Not that long ago analysts and media joked that the ECB’s cunning “market fragmentation” plan – which became critical after Italian bonds crashed when markets realized that QT is not, in fact, QE and without the ECB backstopping worthless European paper said paper would trade down to its “fair value” – would consist of fighting inflation on even days with higher rates and no QE, and then fighting bond market fragmentation and soaring Italian yields on odd days with NIRP and QE.
It turns out we were not that far off, because instead of splitting QE and QT into odd and even days, the ECB will pursue bond buying vs selling broken down by geography. Reuters reports that the European Central Bank will buy bonds from Italy, Spain, Portugal and Greece with some of the proceeds it receives from maturing German, French and Dutch debt in a bid to cap spreads between their borrowing costs.

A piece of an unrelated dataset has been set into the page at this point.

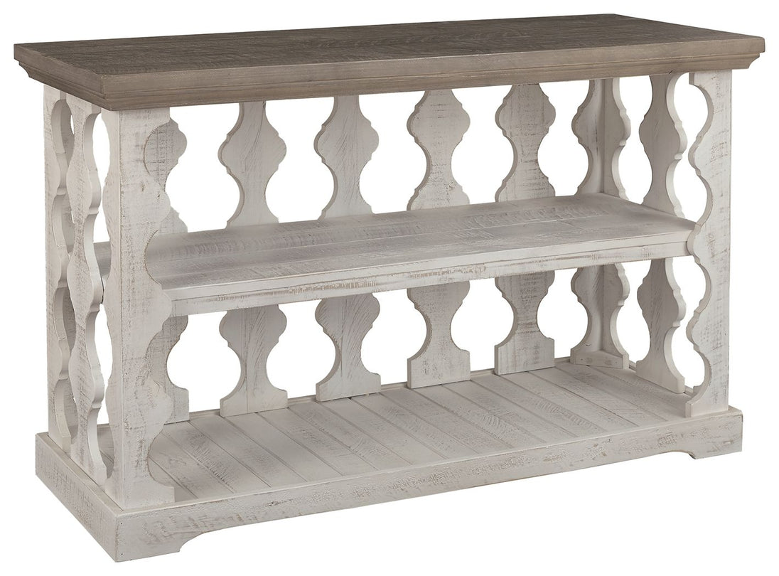 - Two-tone distressed finish; weathered gray top and vintage white base

The central bank has divided the euro zone’s 19 countries into three groups – donors, recipients and neutrals – based on the size and speed of a rise in their bond spreads in recent weeks, according to conversations with a half a dozen people at the ECB’s annual forum in Sintra, Portugal. The spreads are gauged against German bonds, which serve as a de-facto benchmark for the single currency area.
In short, the ECB will buy worthless bonds with money from maturing viable bonds (those of Germany, France and Netherlands).

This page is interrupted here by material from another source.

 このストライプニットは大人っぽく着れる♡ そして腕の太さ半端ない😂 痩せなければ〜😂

Which, while clearly not QT, at least has a chance of working because as we explained, only explicit bond buying by the ECB will prevent a collapse in Italian bonds. Well, that’s precisely what the ECB is doing, even if it means it can’t claim with a straight face that it is pursuing Quantitative Tightening.

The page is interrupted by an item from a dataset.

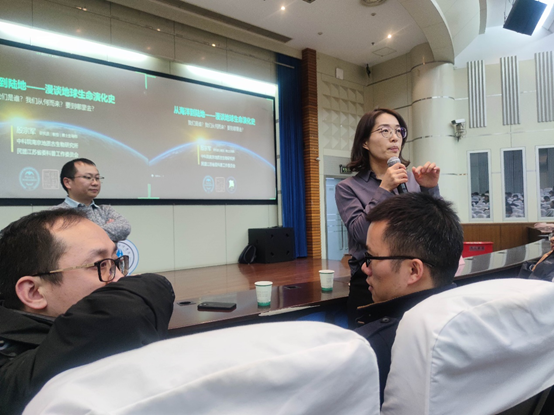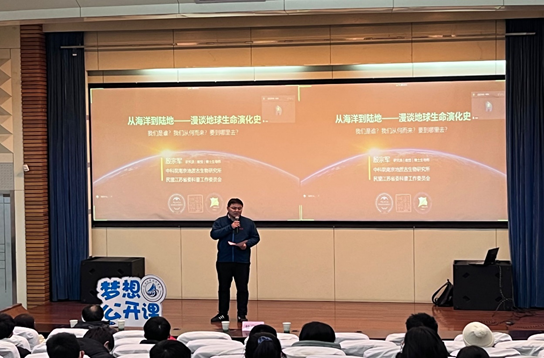 2022年11月30日,Tasexy 邀请到中科院南京地质古生物研究所殷宗军研究员做客“海韵大讲堂”之“学习贯彻二十大、踔厉奋进新征程”科普讲座,为全院师生作题为《从海洋到陆地——漫谈地球生命演化史》的报告。本次报告会还邀请了中科院南古所罗茂研究员、中科院紫金山天文台蒋云副研究员作为嘉宾出席。学院100余名师生及两位嘉宾参加了线下报告,宋翔洲院长、王毛毛副院长、姜仕军教授等十余教师参加了线上报告,本次报告由吴昊副书记全程主持。

Still, there is a glitch: while redemptions in July and August are substantial, the ECB knows that merely reinvesting of the proceeds will not be enough to calm investors.So the central bank has sped up work on a new tool that will allow it to make new purchases where they are needed if a country meets certain conditions. Needless to say, this is not QT. It is however, QE, and is not just a violation of Europe’s deficit funding limitations, but worse, is a targeted violation, one which will infuriate “donor” nations as soon as the next bond crisis sends core yields soaring while keeping Italian spreads artificially low.